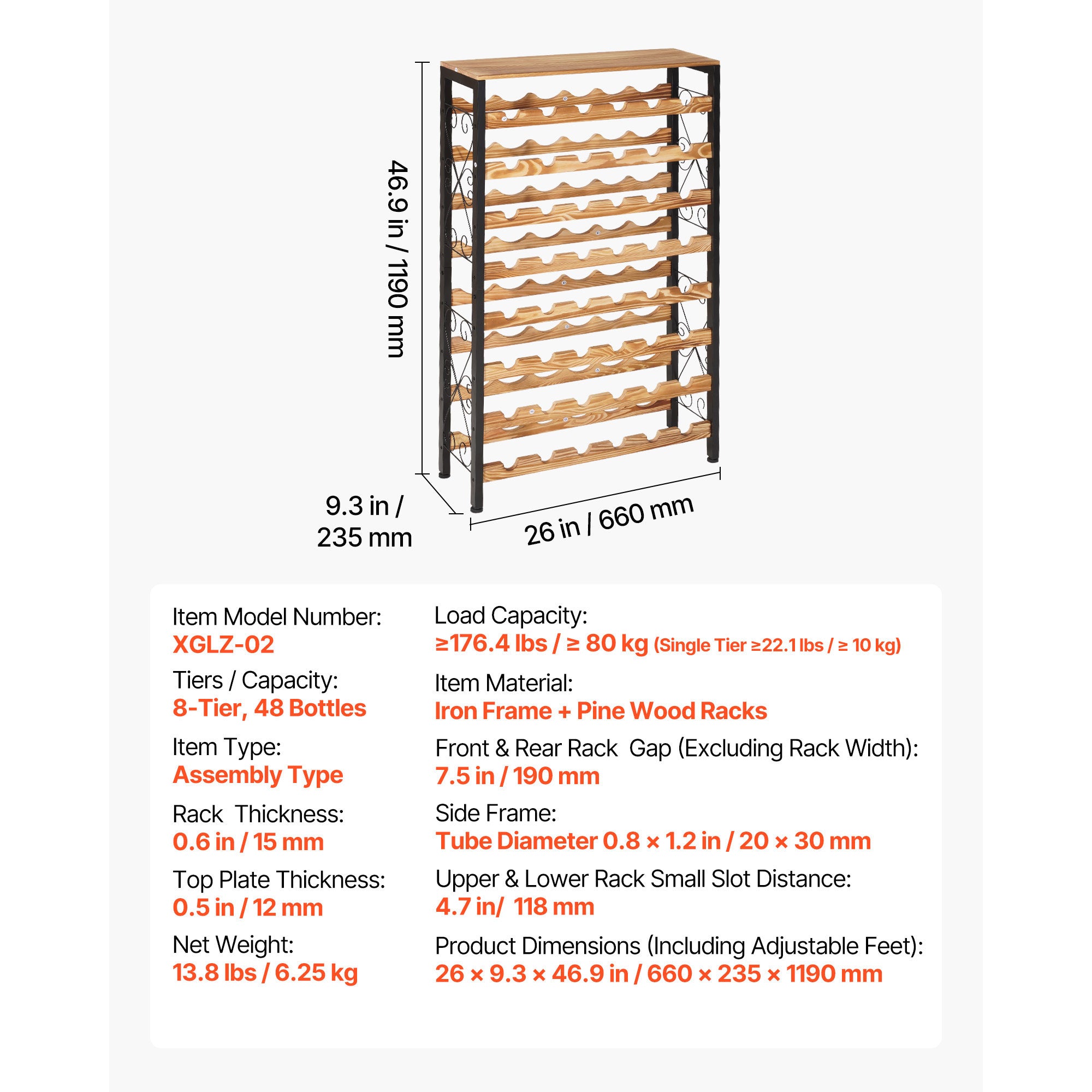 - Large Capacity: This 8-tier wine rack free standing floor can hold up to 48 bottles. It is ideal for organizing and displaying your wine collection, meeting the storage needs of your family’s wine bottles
****************
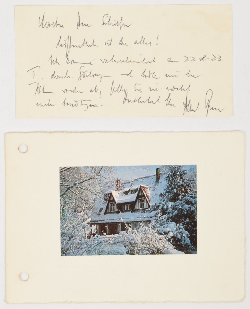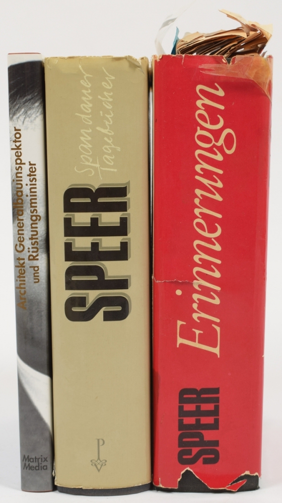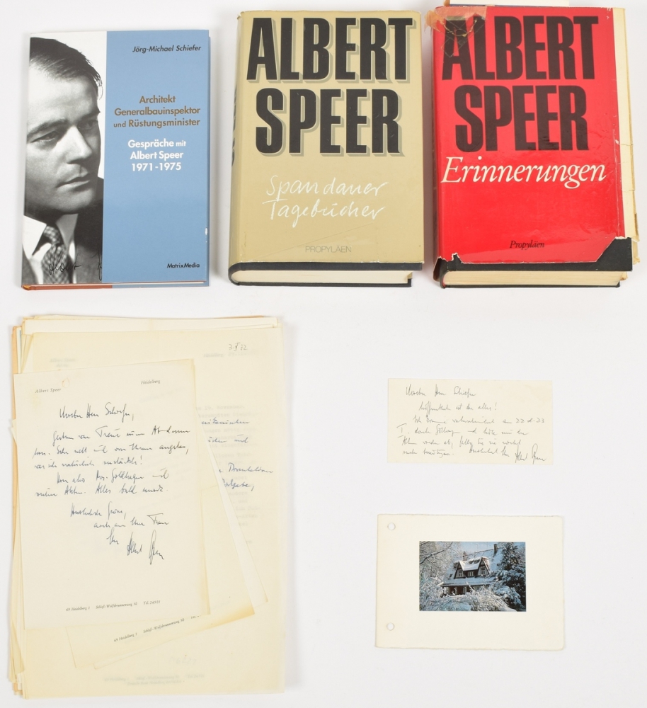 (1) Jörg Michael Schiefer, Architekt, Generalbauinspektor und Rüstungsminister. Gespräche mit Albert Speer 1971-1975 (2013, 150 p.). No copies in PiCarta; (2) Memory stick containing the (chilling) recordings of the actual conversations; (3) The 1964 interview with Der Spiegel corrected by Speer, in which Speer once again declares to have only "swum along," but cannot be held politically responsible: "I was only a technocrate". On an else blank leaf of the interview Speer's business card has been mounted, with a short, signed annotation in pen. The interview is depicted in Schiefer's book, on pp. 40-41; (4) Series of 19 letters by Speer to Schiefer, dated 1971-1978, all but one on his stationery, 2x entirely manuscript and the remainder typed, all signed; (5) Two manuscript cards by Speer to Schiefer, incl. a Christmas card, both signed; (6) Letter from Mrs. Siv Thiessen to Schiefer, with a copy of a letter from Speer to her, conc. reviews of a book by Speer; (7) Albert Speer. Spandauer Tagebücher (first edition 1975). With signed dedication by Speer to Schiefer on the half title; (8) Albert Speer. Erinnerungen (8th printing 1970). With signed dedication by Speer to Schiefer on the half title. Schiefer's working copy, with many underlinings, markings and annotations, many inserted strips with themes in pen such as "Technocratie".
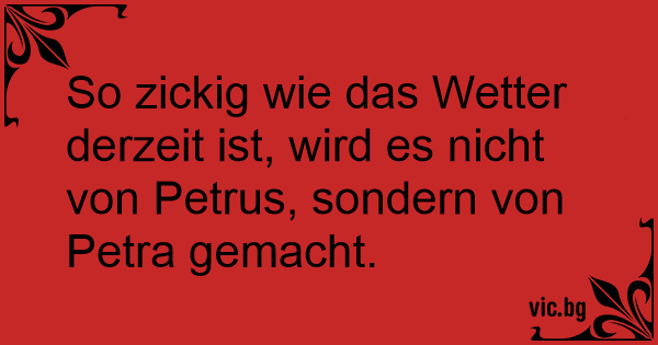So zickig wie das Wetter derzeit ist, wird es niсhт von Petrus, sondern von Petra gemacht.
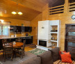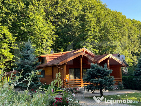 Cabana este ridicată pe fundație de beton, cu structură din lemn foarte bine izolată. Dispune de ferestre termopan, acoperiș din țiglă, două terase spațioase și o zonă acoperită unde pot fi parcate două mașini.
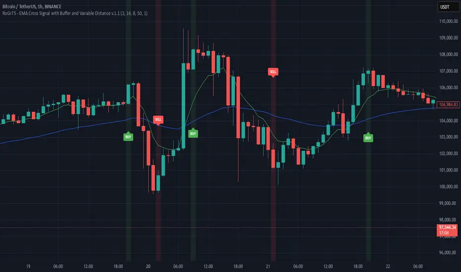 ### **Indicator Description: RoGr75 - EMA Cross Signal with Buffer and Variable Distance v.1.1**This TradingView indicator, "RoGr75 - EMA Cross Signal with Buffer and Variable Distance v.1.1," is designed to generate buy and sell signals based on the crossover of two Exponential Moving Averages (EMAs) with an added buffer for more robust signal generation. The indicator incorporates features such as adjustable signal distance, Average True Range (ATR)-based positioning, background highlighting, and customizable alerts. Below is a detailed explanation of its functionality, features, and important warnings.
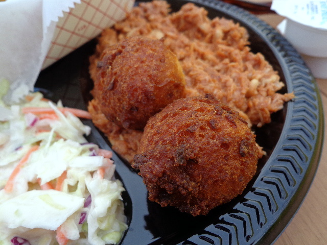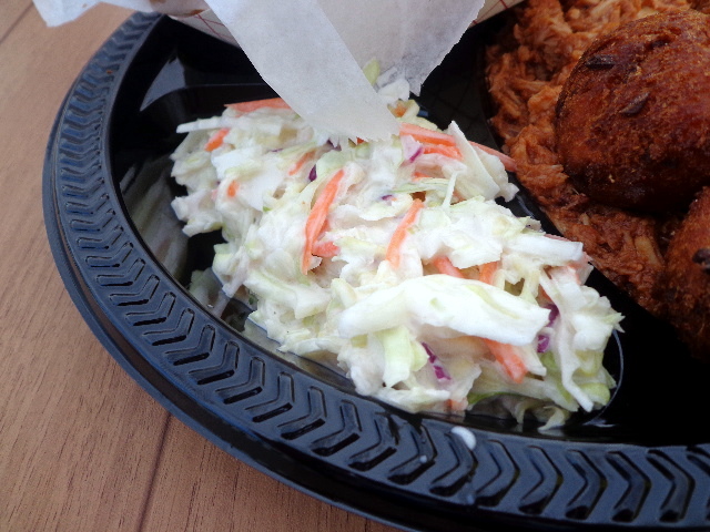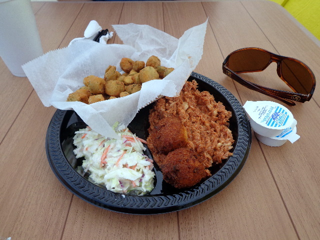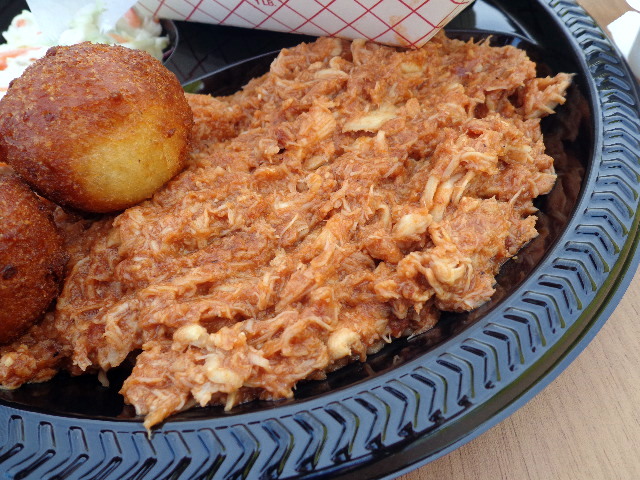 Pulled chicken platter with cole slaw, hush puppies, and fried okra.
****************
**Task directions:** With the pictures removed, print only the lines starting at the line that has "So zickig wie" and ending at the line that has "Cabana este ridicată", both ends included, exactly as they stand above.

**Answer to this problem:**
So zickig wie das Wetter derzeit ist, wird es niсhт von Petrus, sondern von Petra gemacht.
 Cabana este ridicată pe fundație de beton, cu structură din lemn foarte bine izolată. Dispune de ferestre termopan, acoperiș din țiglă, două terase spațioase și o zonă acoperită unde pot fi parcate două mașini.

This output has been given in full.